Il ya des thèmes et des récits qui sont relativement simples et évidents, en mettant l’accent principal sur le ridicule.  Aussi ridicule que cela puisse paraître, son œuvre est assez impressionnant quel que soit votre goût, Beau Blanc offre quelques images de provocation de pensée. « Bien que je ne prend pas mon travail trop au sérieux, je ne passe énormément de temps à réfléchir à mon processus créatif. C’est là que je tire le plus de sens à mon art; Dans l’accomplissement, pas la discussion qui suit. »

En effet, Beau WHITE se sert d’image qui peuvent choquer ou qui nous rappelle de mauvais souvenir pour nous toucher au plus profond. L’art artworks se développe beaucoup et il a fallu trouver le moyen de se démarquer, ici Beau marque les esprits. Avec un humour un peu décalé, il arrive à transmettre des idées, des pensées, des sentiments… souvent de dégout.

A remarquer que sa démarche est étonnante, certain artistes cherche a se démarquer et à avoir de bonnes critiques grâce à un dessin très travaillé, un sujet très actuel ou intéressant pour le plus grand nombre, mais Beau fait le contraire et donne une sensation bizarre. On n’a pas envie de s’attarder sur ces œuvres comme sur celle d’autre artiste, mais là est toute la réflexion. Par exemple, quelqu’un (d’un peu sensible, pas comme moi ^^), qui tombe par hasard sur une de ces œuvres en faisant des recherches, peut tous de suite être dégout voir même répugner. Cependant quand il parlera de ces recherches, il nommera Beau, car il a marqué son esprit. Et oui, les œuvres d’art connu ne sont pas forcément les plus agréables à regarder!

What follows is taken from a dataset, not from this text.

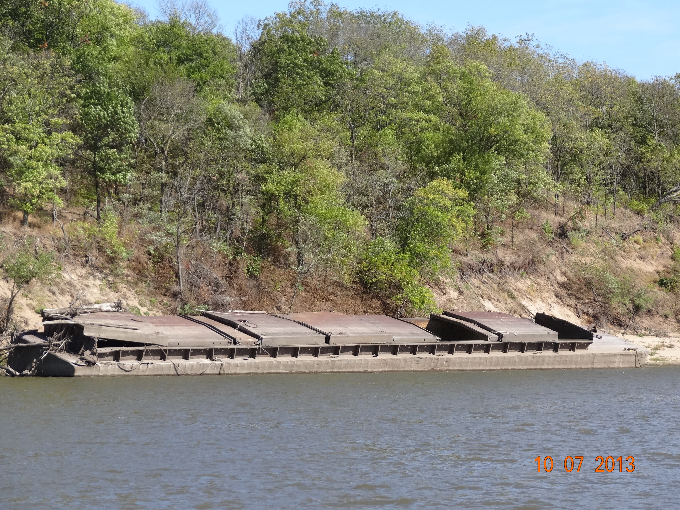 By Montpelier, IA, there were large clusters of barges just sitting on the side of the river, anywhere from 10 to 24 barges just sitting there.  We have seen more and more barges that are just sitting on the side of the river.  This one looks like it has seen better days.

Lien : http://beauwhiteart.blogspot.fr/

Commentez sur ma page Facebook et dite moi si cela vous choque!

 

 

Françoise NIELLY

Françoise Nielly est une artiste peintre française née à Marseille et basée à St-Ouen ! Elle a su se faire remarquer grâce à une technique précise et complexe à base de peintures à l’huile et d’un couteau mais aussi grâce à des choix de couleurs vives et brutales qui offrent à ses toiles une puissance rare… Ces représentations sont surprenantes mais audacieuse. Elle joue parfaitement avec le contraste fort présent dans toute ces œuvres : le visage qui est très doux, très dégradé et sa technique plus abstraite et vive. C’est incroyable cette façon de rendre le visage abstrait et presque déstructuré, tout en gardant tous de même les caractéristiques nécessaire a l’identification du personnage (ex: image 1 on reconnais bien OBAMA). Une artiste pleine de talent a vite aller voir!

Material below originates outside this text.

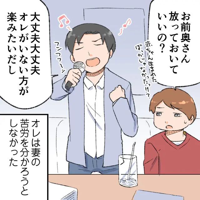 友達に「お前、奥さん放っておいていいの?赤ちゃん産まれたばっかじゃなかったっけ?」と言われるも、「大丈夫大丈夫。俺がいない方が楽みたいだし」と答え、俺は妻の苦労を全く分かろうとしていなかったのです。
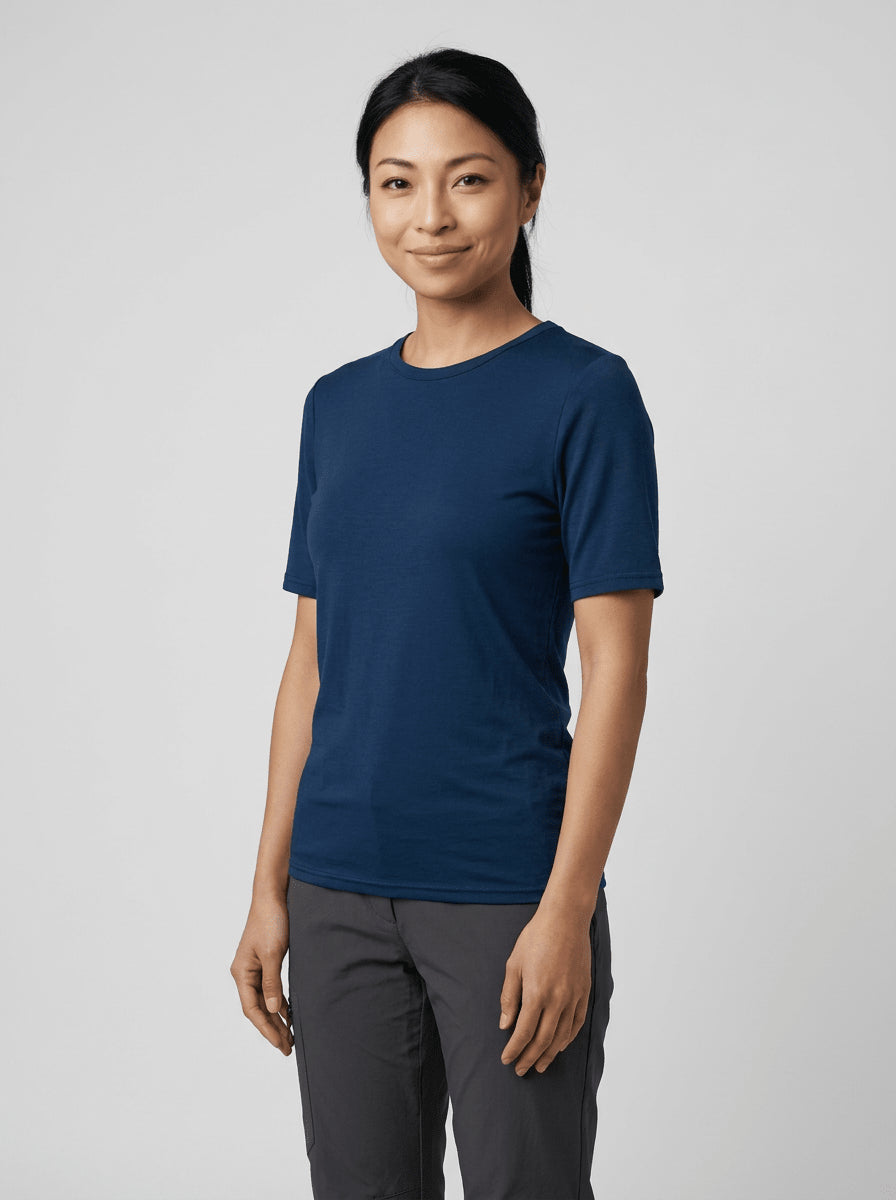 185 Women's Merino Short Sleeve T-Shirt Day By Day - Navy Blue

Site : http://www.francoise-nielly.com/

PS: Plus de 3500 visites!!! Merci a tous! Et désoler pour le manque d’articles ces derniers temps, les cours ont repris (et déjà débordée ^^), mais je vous promet de me rattraper!

Kieron WILLAMSON

Enfant prodige de la peinture, Kieron Williamson n’a pas encore soufflé ses sept bougies lorsque la presse britannique le compare pour la première fois à Van Gogh, Picasso et Millais. Né dans le Norfolk d’un père électricien et d’une mère nutritionniste, c’est en 2008 que ses parents découvrent le talent du petit Kieron qui se met à dessiner des paysages portuaires époustouflants du sud de l’Angleterre. C’est le début d’une production prolifique d’aquarelles, essentiellement inspirée d’images trouvées sur Internet que le jeune peintre “kieronise” de son trait sûr et stylisé. Son sens aigu de la perspective et de la lumière conquit très vite les professeurs de dessin avant de faire fureur auprès des médias, des galeristes et des collectionneurs d’outre-Manche. Résultat : en 2009, le peintre précoce vend seize tableaux, en moins d’un quart d’heure et pour plus de 20.000 euros, à l’inauguration de sa deuxième exposition. Et les commandes se multiplient : des centaines d’acheteurs potentiels se bousculent sur liste d’attente pour s’offrir une oeuvre du petit phénomène. Ses parents s’efforcent toutefois de le protéger de la pression médiatique. Kieron, qui aimerait un jour peindre comme Monet et jouer au foot comme Beckham, continue de dessiner comme si de rien n’était, quand il en a envie et comme bon lui semble. Entre deux matches et deux devoirs de maths, comme n’importe quel premier de la classe passionné de barbouillage. A quelques traits de génie près.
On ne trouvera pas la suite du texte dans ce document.